Additionally, the README.md
has been updated to increase clarity and get new users up and running more quickly.
nResamplePoints
default value changed to 250 from 100.CorridorRes
default value changed to 250 from 100.nWarpCtrlPts
default value changed to 2 from 0 (signal registration disabled)
R2023a introduces a completely revised algorithm for envelope splitting. The revised algorithm is unconditionally stable and operates on the concept of ray-polygon interception. In short, if the envelope of all ellipses found with the marching squares algorithm does not intercept the computed characteristic average, rays are projected from the start and/or end of the characteristic average to determine where the envelope should be split into inner and outer corridors. Previously, a simpler algorithm was used that was shown to be effective in most cases, but was only guaranteed to function in all circumstances.
Additionally, MATLAB code suggestions or 'intellisense' has been added to provide the user with on-the-fly help on inputs and name-value arguments.
- envelope splitting now uses a ray-polygon interception algorithm
- Added code suggestions.
R2022 is a hotfix to correct how corridors are divided between inner and outer components.
R2022a contains a number of small bug fixes but largely consists of documentation updates. R2022a also represents the first release to be packaged as a MATLAB toolbox for single file installation.
- 'arcgen.m' updated to handle file paths more robustly.
- All scripts in
Test Cases
updated to act as ARCGen tutorials
R2021d represents a significant performance improvement over previous versions. Corridor extraction has been completely refactored to reduce runtime in that part of the code by upwards of 10x. Corridor extraction is also far more robust than previous versions, which should eliminate crashes in some use cases. Runtimes associated with signal registration and corridor extraction can be further reduced through the integration of MATLAB's Parallel Computing Toolbox.
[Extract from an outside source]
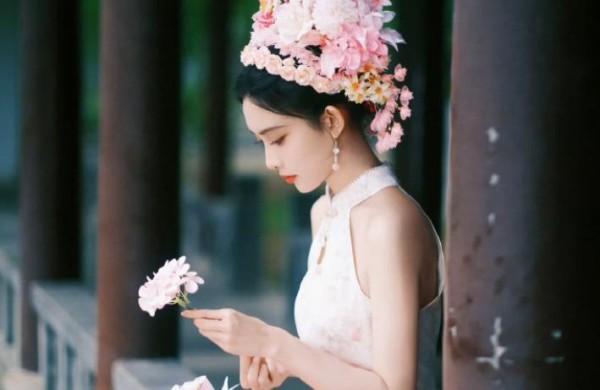 近日的中秋,孟子义也尝试一回簪花造化,她选的是粉色的花朵,搭配一身白色锦缎旗袍,手中一把恰到好处的白色油纸伞,烟雨朦胧中,那婉约的江南女子从此便留在了心中,久久不能忘怀。
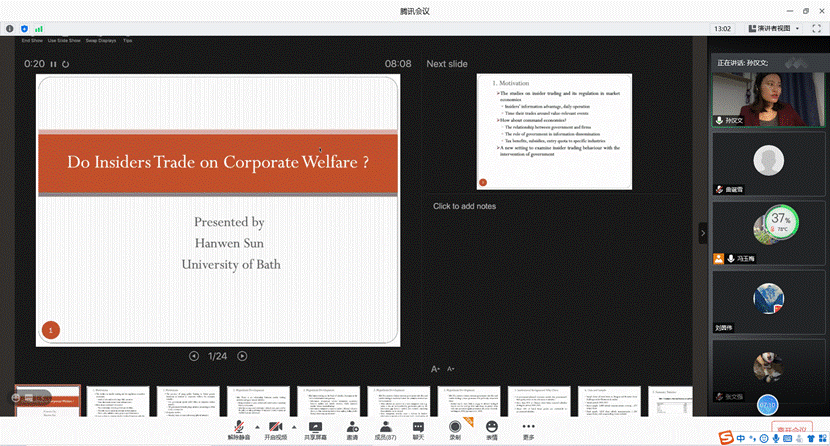 (通讯员 曲诞雪)10月23日下午,由yl88858永利集团、山东省金融产业优化与区域管理协同创新中心、永利集团金融国际研究中心联合举办的第9期“泰山金融学术训练营”通过腾讯会议举行,英国巴斯大学管理学院孙汉文老师应邀做客本次学术训练营,为师生们带来了题为“Do Insiders Trade on Corporate Welfare?”的讲座,学术训练营由yl88858永利集团副院长冯玉梅主持,学院部分教师和研究生参加了本次活动。

Additionally, R2021d represents the first release with a formal license, GNU GPL v3
- Added the 'UseParallel' to accelerate signal registration and envelope extraction. Requires the MATLAB Parallel Computing Toolbox.
- Accelerated signal registration for signals with a very large number of points using pre-compiled MEX code.
- Completely redeveloped envelop extraction algorithm to significantly reduce computational expense.
- Envelope splitting to produce inner and outer corridors is now far more robust and should eliminate any 'iIntStart' or 'iIntEnd' that have cropped up in the past.
- Integration of the GNU GPL v3 license.